**INFORMATION SHOWN:**
***

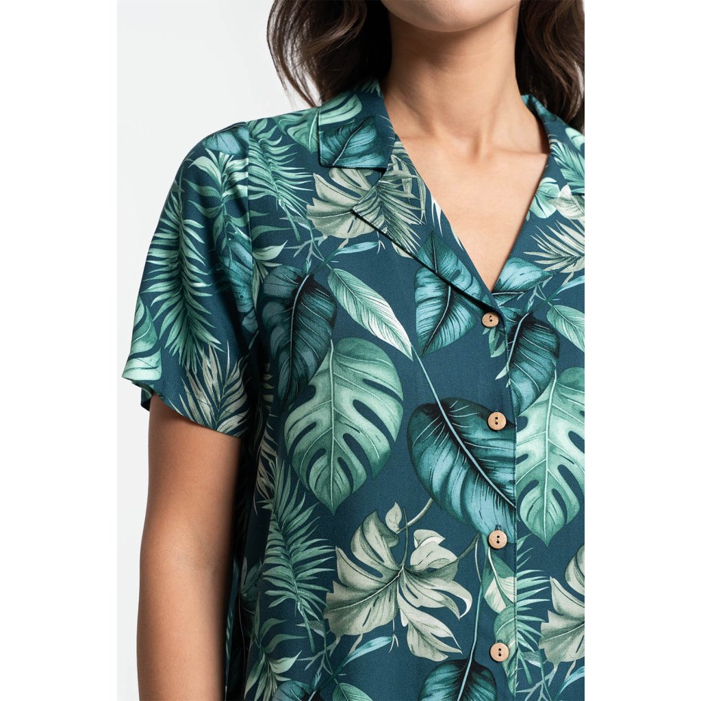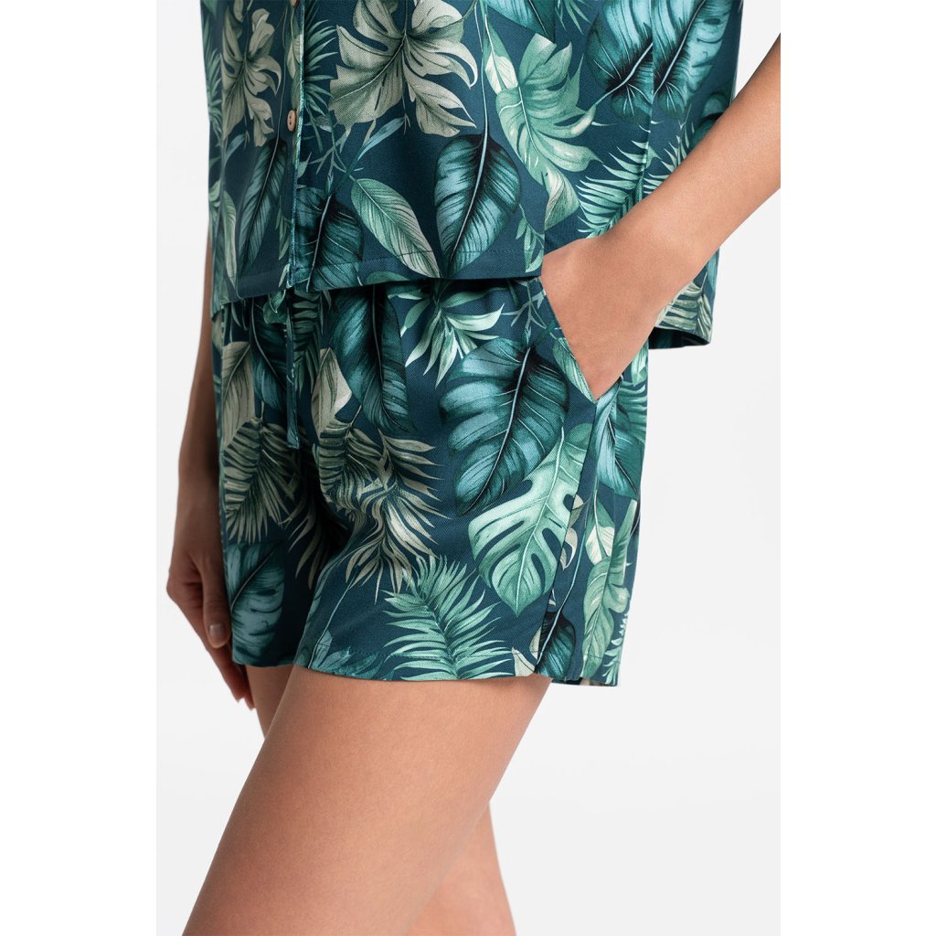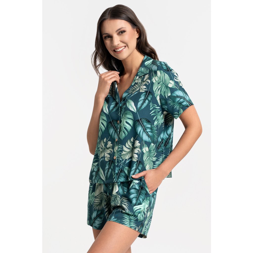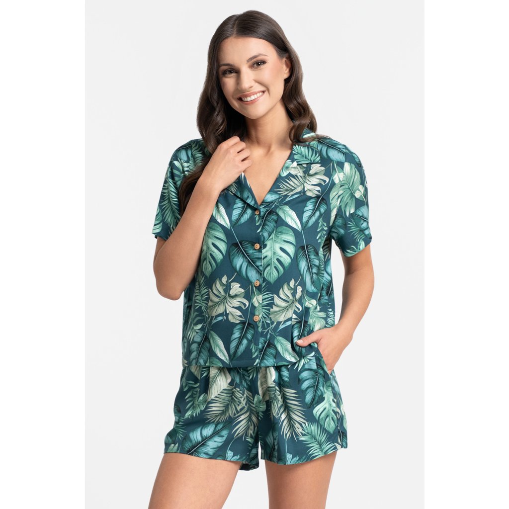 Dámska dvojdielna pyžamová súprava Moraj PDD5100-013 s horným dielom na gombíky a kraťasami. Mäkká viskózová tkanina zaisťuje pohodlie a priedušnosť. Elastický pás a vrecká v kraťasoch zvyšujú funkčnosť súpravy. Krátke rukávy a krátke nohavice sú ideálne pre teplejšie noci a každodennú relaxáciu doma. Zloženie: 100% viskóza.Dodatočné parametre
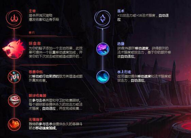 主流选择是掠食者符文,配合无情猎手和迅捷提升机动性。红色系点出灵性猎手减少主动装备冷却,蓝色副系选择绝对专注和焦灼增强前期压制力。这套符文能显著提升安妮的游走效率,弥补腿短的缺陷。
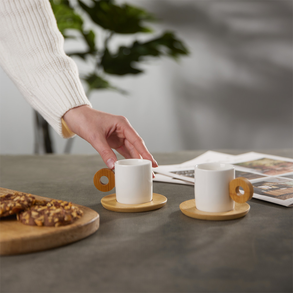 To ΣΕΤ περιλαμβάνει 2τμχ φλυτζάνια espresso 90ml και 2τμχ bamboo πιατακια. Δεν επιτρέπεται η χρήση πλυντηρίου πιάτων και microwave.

***

When a line carries an image, skip the image and repeat everything else above exactly as written.

 Dámska dvojdielna pyžamová súprava Moraj PDD5100-013 s horným dielom na gombíky a kraťasami. Mäkká viskózová tkanina zaisťuje pohodlie a priedušnosť. Elastický pás a vrecká v kraťasoch zvyšujú funkčnosť súpravy. Krátke rukávy a krátke nohavice sú ideálne pre teplejšie noci a každodennú relaxáciu doma. Zloženie: 100% viskóza.Dodatočné parametre
 主流选择是掠食者符文,配合无情猎手和迅捷提升机动性。红色系点出灵性猎手减少主动装备冷却,蓝色副系选择绝对专注和焦灼增强前期压制力。这套符文能显著提升安妮的游走效率,弥补腿短的缺陷。
 To ΣΕΤ περιλαμβάνει 2τμχ φλυτζάνια espresso 90ml και 2τμχ bamboo πιατακια. Δεν επιτρέπεται η χρήση πλυντηρίου πιάτων και microwave.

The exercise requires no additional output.